*About this exercise*: Restate the following records word for word without images.

*** The records

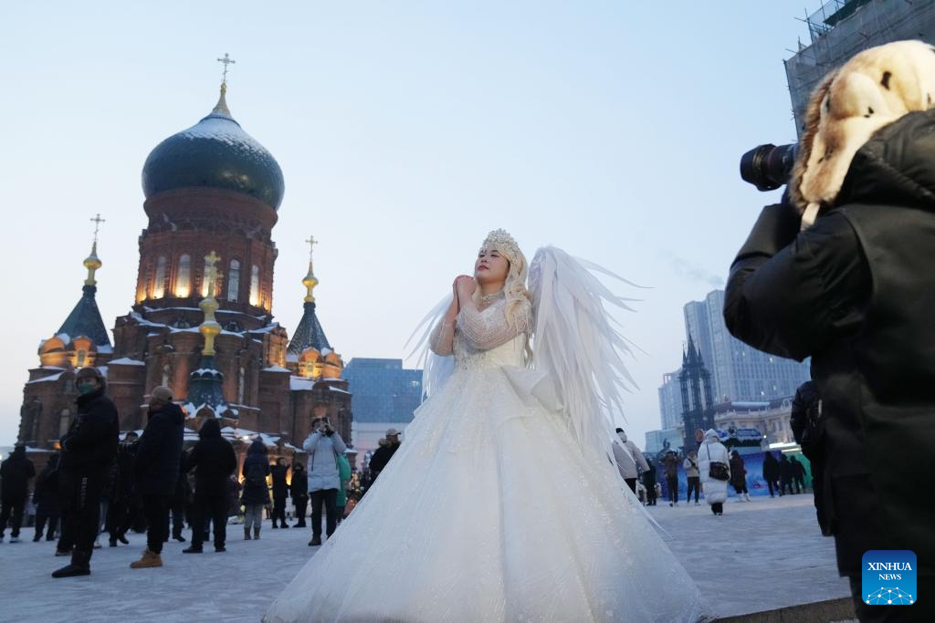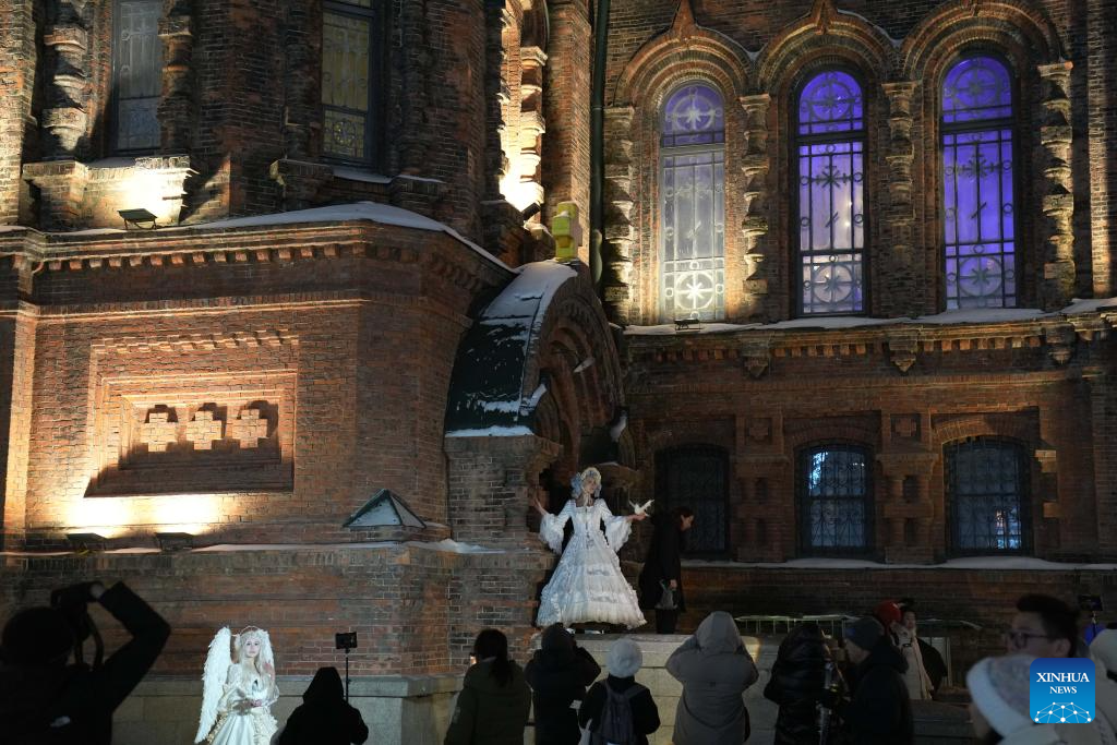 Tourists have fun at a square in Harbin, northeast China's Heilongjiang Province, Jan. 11, 2024. The square, where the landmark St. Sophia Cathedral, a former Russian Orthodox church and a perfect example of Neo-Byzantine architectures, is located, has become a hot spot for tourists during the city's tourism boom this winter. (Xinhua/Wang Jianwei)
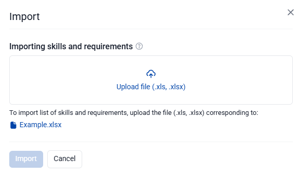 - In the window that opens, download the Example.xlsx file and fill it with data on skills and requirements for them within the framework of staffing units;
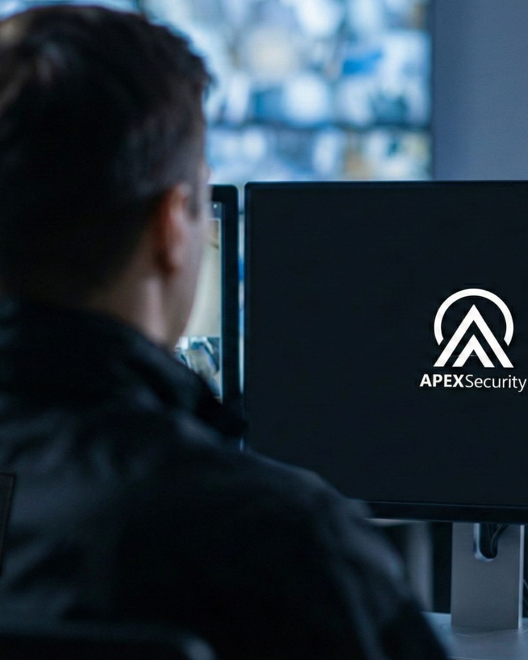 Apex Security Mitarbeiter überwacht mehrere Überwachungsmonitore in der Leitstelle, zentral auf dem Bildschirm ist das Apex Security Logo zu sehen.
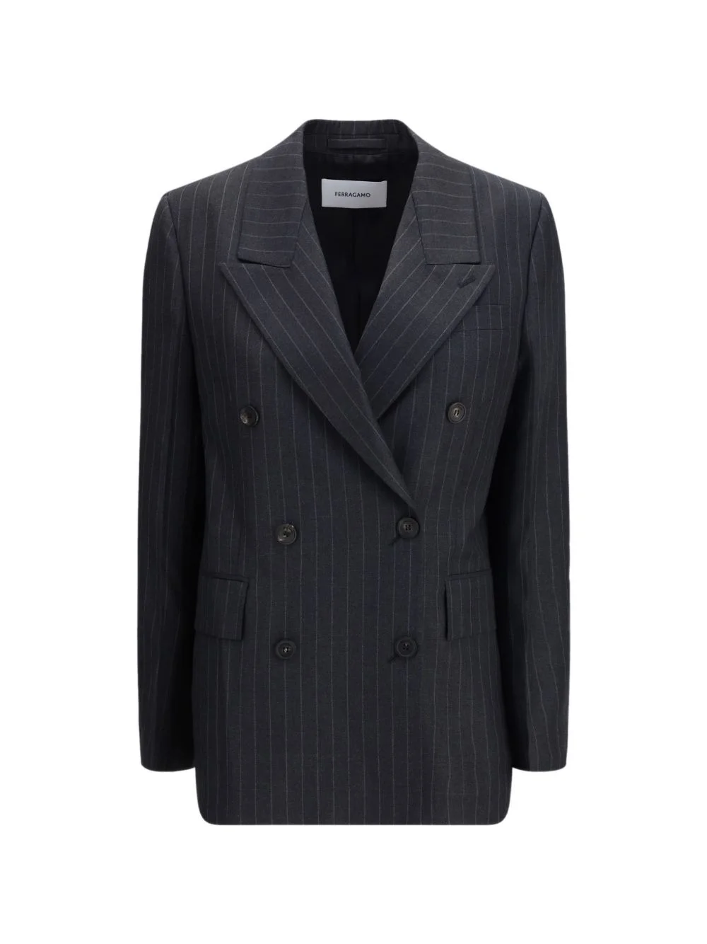 Pinstripe wool blazer Highlights - Black and white - Pinstripe - Double breasted - Six-button closure - Flap pockets Made in Italy Composition Virgin Wool 100% Washing instructions Read Manufacturer Guidelines
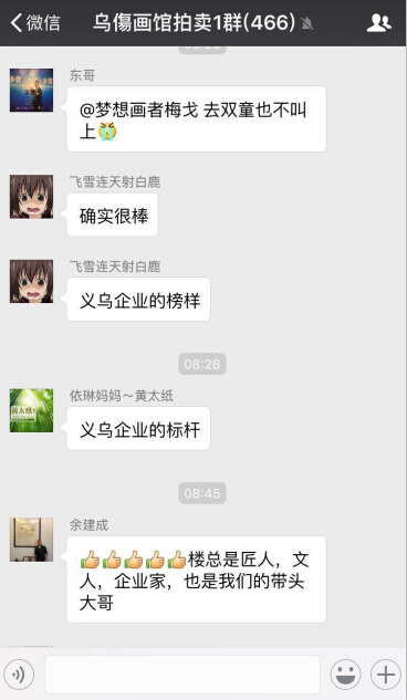 他也建立了書畫作品微拍群來支持義烏藝術(shù)的發(fā)展,每天在微信拍賣一幅畫,零元起拍五百封頂,受到了大批民眾的狂熱追捧,也吸引了不少知名書畫家加入,規(guī)模及影響力不斷擴大,被中宣部黨建辦公室翁淮南先生譽為“開創(chuàng)拍賣先河”!
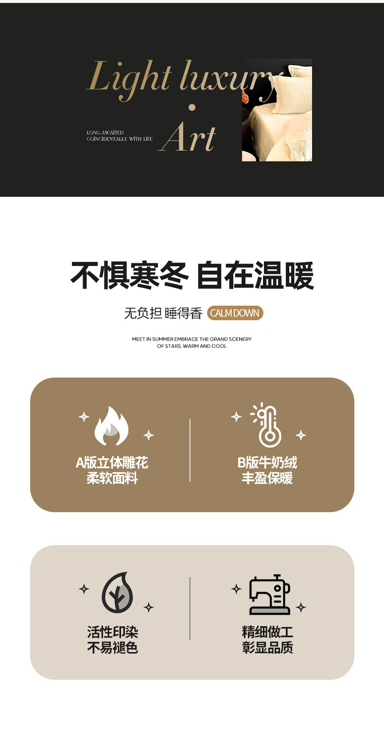 (总)金阳光家纺 2024新款立体雕花牛奶绒四件套,豆沙色,灰色,奶茶棕,浅蓝色,浅绿色,浅驼色,浅玉色,浅紫色
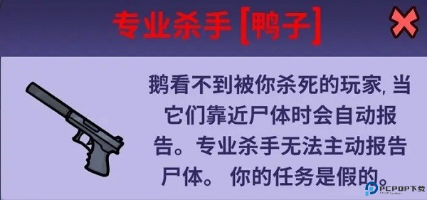 专业杀手 - 击杀后无法自我报告;其他鹅看不到你杀死的玩家的尸体,但其他鹅靠近尸体时会自动报告。
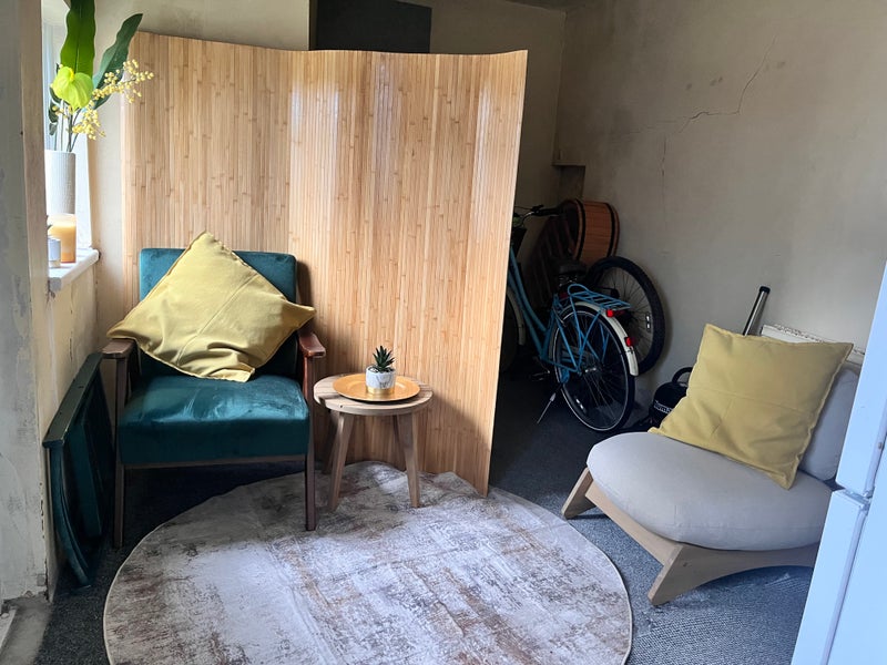 COMMUNAL SPACES: Shared galley kitchen between 4 people with breakfast bar seating, gas hob and oven, air fryer, microwave, toaster, kettle, washing machine, tumble dryer, plenty of cupboard space, plenty of chilled and frozen storage. A shared living space in the garden room also provides further communal seating, some storage for bikes/surfboards etc. Small shared courtyard outside area.

******

*Answer for this exercise*:
 Tourists have fun at a square in Harbin, northeast China's Heilongjiang Province, Jan. 11, 2024. The square, where the landmark St. Sophia Cathedral, a former Russian Orthodox church and a perfect example of Neo-Byzantine architectures, is located, has become a hot spot for tourists during the city's tourism boom this winter. (Xinhua/Wang Jianwei)
 - In the window that opens, download the Example.xlsx file and fill it with data on skills and requirements for them within the framework of staffing units;
 Apex Security Mitarbeiter überwacht mehrere Überwachungsmonitore in der Leitstelle, zentral auf dem Bildschirm ist das Apex Security Logo zu sehen.
 Pinstripe wool blazer Highlights - Black and white - Pinstripe - Double breasted - Six-button closure - Flap pockets Made in Italy Composition Virgin Wool 100% Washing instructions Read Manufacturer Guidelines
 他也建立了書畫作品微拍群來支持義烏藝術(shù)的發(fā)展,每天在微信拍賣一幅畫,零元起拍五百封頂,受到了大批民眾的狂熱追捧,也吸引了不少知名書畫家加入,規(guī)模及影響力不斷擴大,被中宣部黨建辦公室翁淮南先生譽為“開創(chuàng)拍賣先河”!
 (总)金阳光家纺 2024新款立体雕花牛奶绒四件套,豆沙色,灰色,奶茶棕,浅蓝色,浅绿色,浅驼色,浅玉色,浅紫色
 专业杀手 - 击杀后无法自我报告;其他鹅看不到你杀死的玩家的尸体,但其他鹅靠近尸体时会自动报告。
 COMMUNAL SPACES: Shared galley kitchen between 4 people with breakfast bar seating, gas hob and oven, air fryer, microwave, toaster, kettle, washing machine, tumble dryer, plenty of cupboard space, plenty of chilled and frozen storage. A shared living space in the garden room also provides further communal seating, some storage for bikes/surfboards etc. Small shared courtyard outside area.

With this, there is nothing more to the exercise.